Does this fit the 2012 CC LuX Plus?


----------



## matthewsjl (Mar 23, 2004)

Check your build sticker for the code 2PP. If you see that code then the answer is yes!

John.


----------



## Bleser (Feb 25, 2003)

:thumbup:

You're teaching all of us how to get a-la-carte options in the CC that VW won't offer individually.


----------



## AsianDude (Sep 17, 2007)

Any chance e gti flat bottom wheel with paddles will fit on the cc?


----------



## AsianDude (Sep 17, 2007)

matthewsjl said:


> Another mystery solved.... 2013 DSG equipped R-Lines come with paddles!
> 
> "DSG® dual-clutch automatic transmission-equipped models gain paddle shifters"
> 
> ...


The us market executive has the paddles from the factory too.


----------



## eurotuningimports (Nov 29, 2006)

Guys, Im selling Mk6 GLI steering wheels with controls and paddles.
I have install one in a 2012 sport jetta mk6 that came only with the left side controls and same s.wheel as the cc ones.... That car didnt have paddles and its not dsg, but just switch the s.Wheels and all buttons are functional, even the paddles.
And I didnt need to use the vag com, it was a 5 minutes switch... Really fast, easy and great mod

If you re interested I can get this directly from vw factory in Mexico, I already sold a few here in vwvortex

Pm or email me for any question or interest
Email: [email protected]
Regards 
Jose

Enviado desde mi LT18a usando Tapatalk 2


----------



## martinelles (Feb 10, 2012)

Bleser said:


> :thumbup:
> 
> You're teaching all of us how to get a-la-carte options in the CC that VW won't offer individually.
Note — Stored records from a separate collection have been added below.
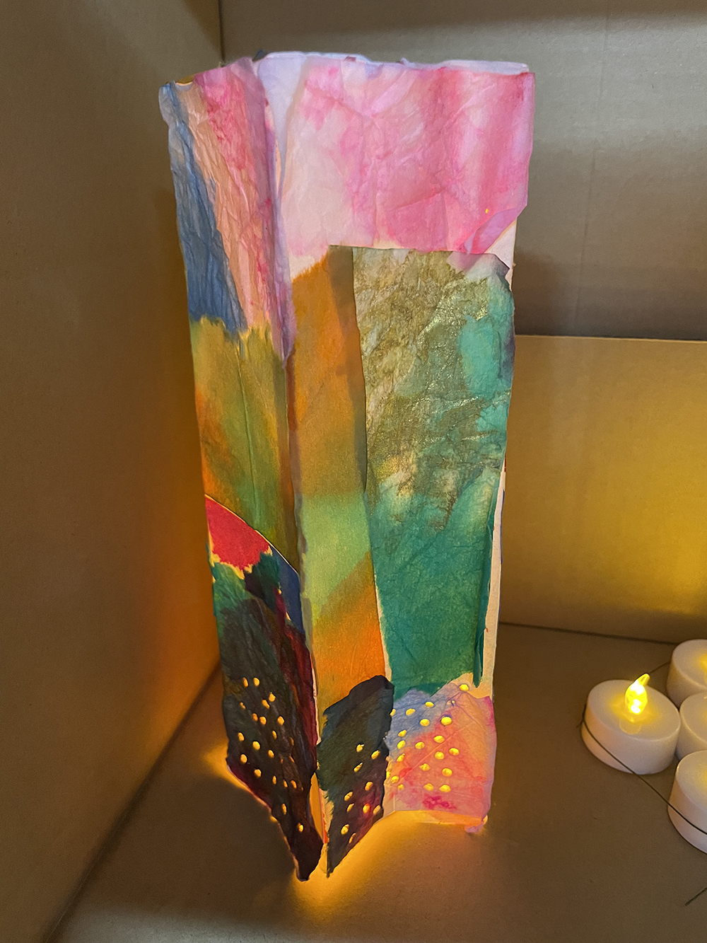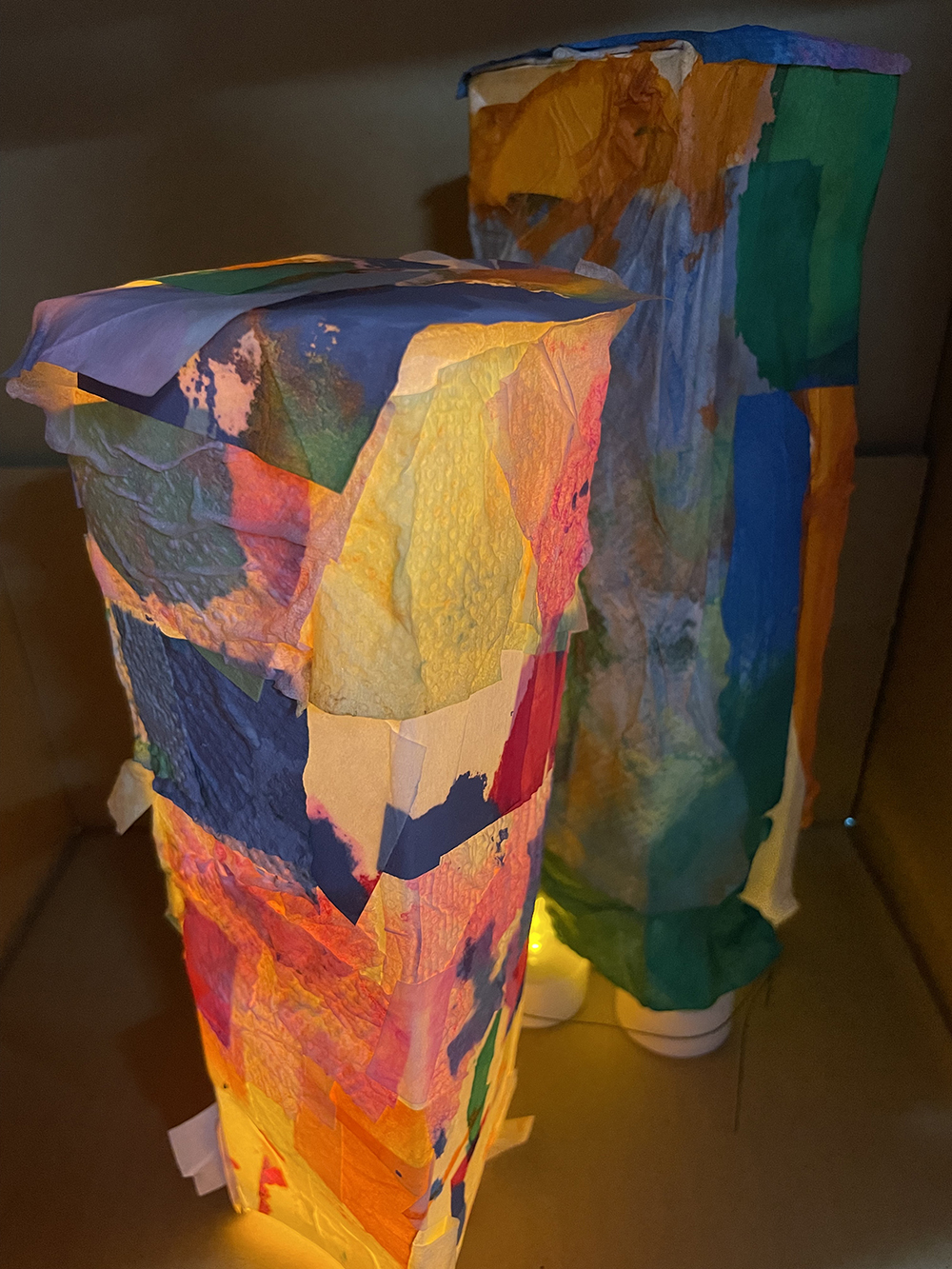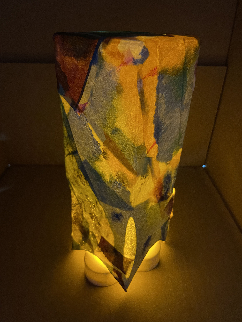 就労支援B型施設AWひまわりにて、紙パックを使ったアートワーク。 様々な色で染めた薄い紙を紙パックに貼って、中にライトを入れました。 貼った時と、ライトをつけたときの見た目の違いに驚き、喜んでいました。 このWSは「紙を染める」「紙を貼る」と2回に分けて制作。お子様から年配までできるワークショップです。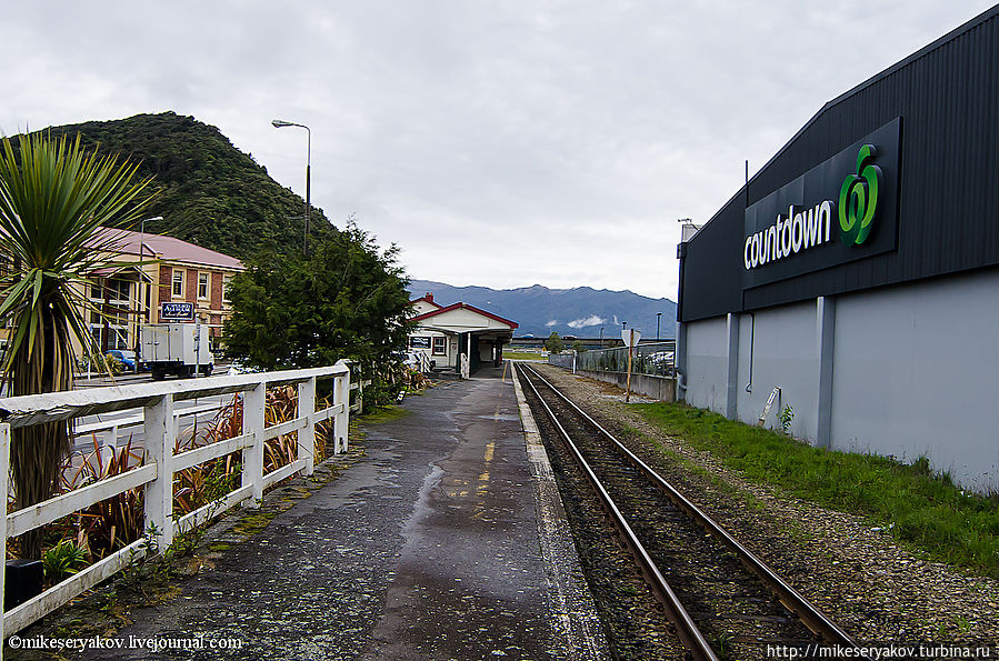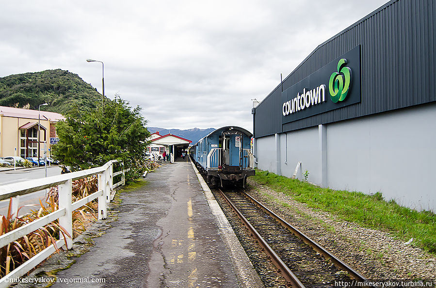Новозеландский "киви-поезд" прибывает на вокзал и я отправляюсь в свой последний переезд в Новой Зеландии ГрейМаус – Крайсчерч.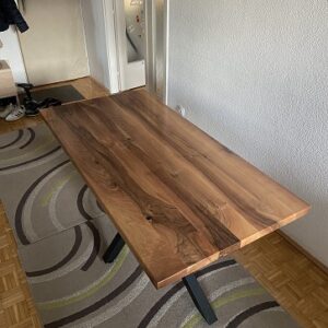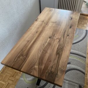 Trpezarijski sto izrađen od parenog oraha, sa metalnom podkonstrukcijom u crnoj mat završnici.Ploča dimenzija 160 × 80 cm postavljena je na radnoj visini od 75 cm. Površina parenog oraha zaštićena je poliuretanskim lakom u mat izvedbi, što naglašava prirodan ton drveta i omogućava dugotrajnu upotrebu.Konstrukcija počiva na metalnim nogarama kvadratnog profila 60 × 60 mm, završenim crnim mat premazom 3u1. Odnos masivne drvene ploče i geometrijske čelične osnove formira uravnoteženu celinu bez dodatnih elemenata.Prikazan projekat predstavlja primer prethodne izrade po meri klijenta.

 okay, where is this build sticker located? i have looked in my trunk, hood, owners manual and nothing!


----------



## matthewsjl (Mar 23, 2004)

The build sticker is usually in the spare wheel well. 

A second copy was also stuck in the maintenance manual. 
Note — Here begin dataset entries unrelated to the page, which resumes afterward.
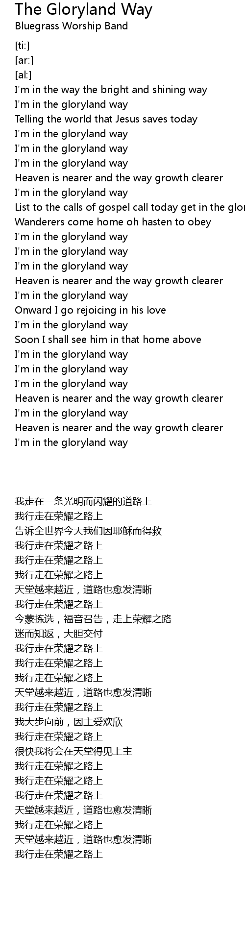 [00:57.20] List to the calls of gospel call today get in the gloryland way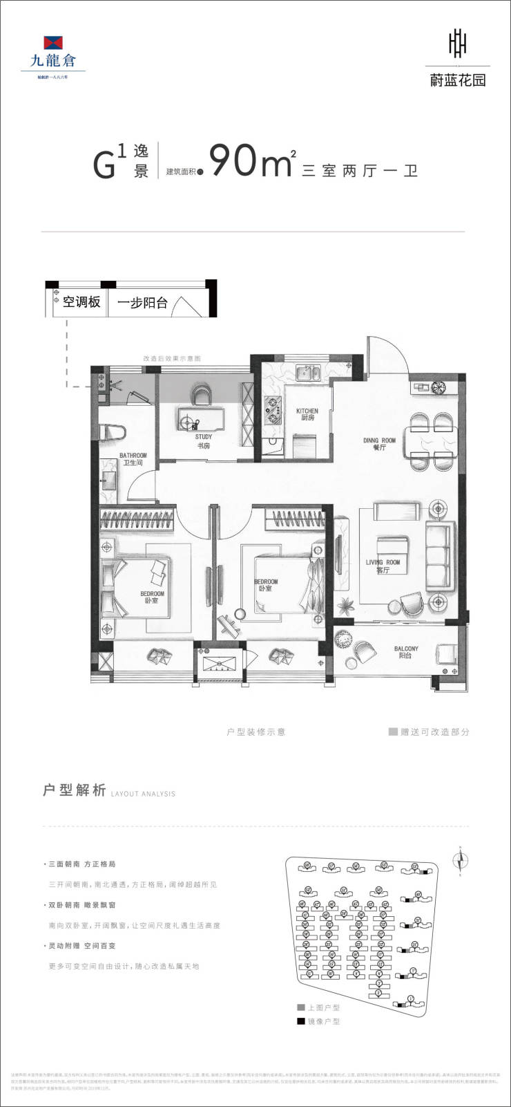 【建面90㎡3居】95.0-100.0万-分布于49# 1# 7# 21# 等,2梯4户,层高2.90米,总楼层21-27F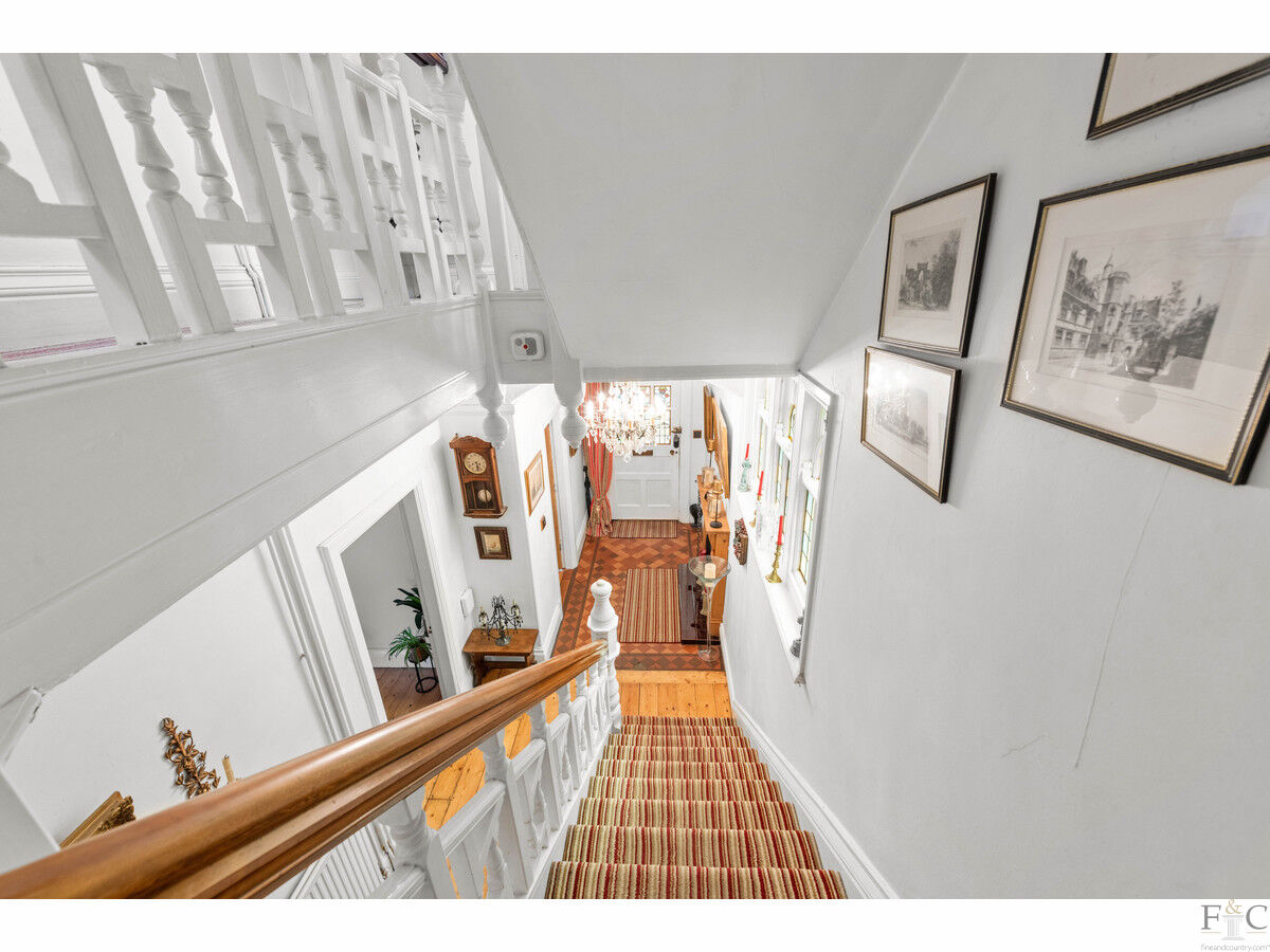 Noteworthy elements include a cellar ready for conversion, an original arched window on the spacious second-floor landing, and a balcony accessed from bedroom four. The property is well-connected, with Knighton Drive offering proximity to the city, cultural quarters, and the mainline railway station. Local shopping at Queens Road, Allandale Road, and Francis Street, coupled with excellent state and private schooling options, adds to the appeal of this magnificent residence.

This is what you're looking for: http://www.audienthusiasts.com/Articles_PRCodes.html 

John.


----------



## CCdave (Jan 13, 2013)

So IM changing my steering wheel. Once its done my factory paddle shifter wheel will be for sale. PM me if you might be interested. I will officially post up once its off the car. I have 2k miles on the car, so its pretty much brand new.


----------



## snobrdrdan (Sep 10, 2008)

CCdave said:


> So IM changing my steering wheel. Once its done my factory paddle shifter wheel will be for sale. PM me if you might be interested. I will officially post up once its off the car. I have 2k miles on the car, so its pretty much brand new.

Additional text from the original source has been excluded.